We have travelled to Venice the last three years running we found this route was the best for us and apart for the toll on the Swiss Boarder and the toll on the A4 in Italy.
We try Austria the toll there was 32 euros and 8 euros for the Burner past each way the Austria toll only lasts for 10 day and the Swiss lasts for twelve months from January to December. 
Our route is as follows.
From Calais to Dunkerque on the A16 then onto the A25/E42 to Lille then onto the A7 Towards Namur on the A15 then pickup the A4/E411 to Luxemburg for our first stopover at Luxemburg at Alzingen Camp site good site good facilities and easy to get a bus just outside the camp in to the city. Best to fill up with fuel as it’s cheaper here; this campsite is in the 2012 ACSI book page 219 item 475, last year we only paid 11 euros per night with electric.
From Luxemburg we A3 down to the A8/E29 towards Saarbrucken onto the A620 to junction 3 then turn onto the N61 towards Strasbourg just after Molsheim there is a very good Aire at a town called Obernai this one is not in the Franch Aire’s book we always stop here going down or coming back, you can fill up with fresh water and dump waste, very safe free stop right in the town, Parking des Ramparts the GPS is 48.27.35N 7.29.89E.

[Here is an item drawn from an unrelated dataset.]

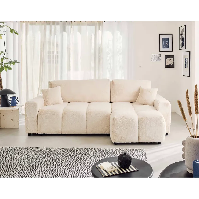 Canapé Japandi Angle Réversible Convertible 4 Places Fausse Fourrure – Crocus

After Obernai pickup the A35/E25 towards Basel where you will come to the boarder were you will need a Vignette you can pay the attendant at the boarder all other camps they charge 28 euros but for us Brits they charge 40 euros I complained bitterly last year about this and nearly got arrested but ended up paying 40 euros but I’ve since fund that you can bye one online for 28.50 euros.
Anyway back to the route A2/E25/E35 towards Luzern for our next stopover at camping Horw it’s a flat site mostly grass idle for a the odd night or two, you can catch a bus up to the main town of Luzern from just outside the camp or in the village five minutes walk well worth a go, 2012 ACSI book page 325 item 757.


I hope this helps
Regards
Ray


----------